In Kuwait, as part of its Kuwaitization effort, the government plans to make the public sector 100 percent Kuwaiti. In March 2019, members of parliament called on the government “to cut the expatriate workforce by half over the next five years,” a target that the Economist Intelligence Unit considers “unachievable, given the number of planned infrastructure projects in Kuwait.”

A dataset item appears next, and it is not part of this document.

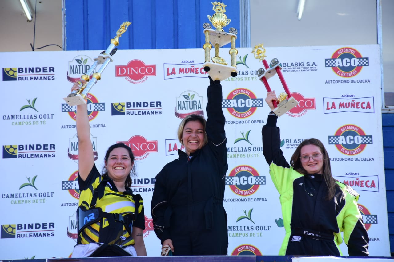 En Copa Damas, las chicas brindaron un espectáculo parejo, fue comandada por la local Melisa Barrios que buscaba hacerse fuerte en su “casa” muy de cerca la seguía Martina Mrakava (Oberá). Con el correr de las vueltas, Barrios pudo sacar alguna ventaja pero lo más importante que llegó la bandera a cuadros y llegó el primer triunfo de Melisa Barrios, muy festejado por su familia después de tanto tiempo.

Education and unemployment: How demographic trends exacerbate a growing problem

Algeria and Saudi Arabia have high unemployment rates of around 12 percent. The UAE and Kuwait, on the other hand, have low unemployment rates of 2.5 percent and 2 percent, respectively. In all four nations, women make up the majority of the unemployed despite the fact that in Kuwait and Saudi Arabia they have higher levels of education than men and are not far behind men in this regard in the UAE (Figure 4). In Algeria, employed women tend to be more highly educated than men—more than 40 percent of employed women in Algeria have a tertiary education, compared to 10 percent of employed men. Unemployment among Algerians remains particularly high for women (20 percent) and the youth (28.3 percent). Given the high unemployment rates in Algeria and Saudi Arabia, the current and future job prospects for the populations in these two countries is of concern.

The state of public sector employment and the importance of increasing private sector options

Across the four countries examined in this report, nationals prefer to work in the public sector because of better pay and benefits. Expatriates, on the other hand, are mostly employed in the private sector. The private sector is dominated by jobs in construction and infrastructure, relies mainly on manual labor, and offers low pay. However, there is also a professional or white-collar private sector in countries such as the UAE and Saudi Arabia, where foreign businesses have set up offices, most often in free trade zones—areas that have certain benefits that do not apply elsewhere in the country. For example, allowing foreign businesses to maintain 100 percent ownership of their operations, allowing business profits to be returned to the company’s country of origin, and providing tax exemptions.

Women in the workforce in these four countries tend to work predominantly in the public sector, although their overall levels of participation are low. The International Monetary Fund (IMF) estimates that the gross domestic product (GDP) per capita would rise significantly if these nations raise the employment rate for women to the same level as that for men. By 2040, the UAE could see GDP boosted by 12 percent, while Algeria’s GDP would increase by around 40 percent, according to the IMF. For this to happen, labor market restrictions, such as limits on the industries in which women can work, would need to be eased or eliminated. Moreover, there is great fiscal pressure on all four governments’ budgets due to the heavy reliance on public sector employment. The majority of these budgets tend to go toward paying salaries. Reforms are needed to reduce the financial burden on these governments and make the private sector more enticing. This will help meet the future job demand and diversify the economy.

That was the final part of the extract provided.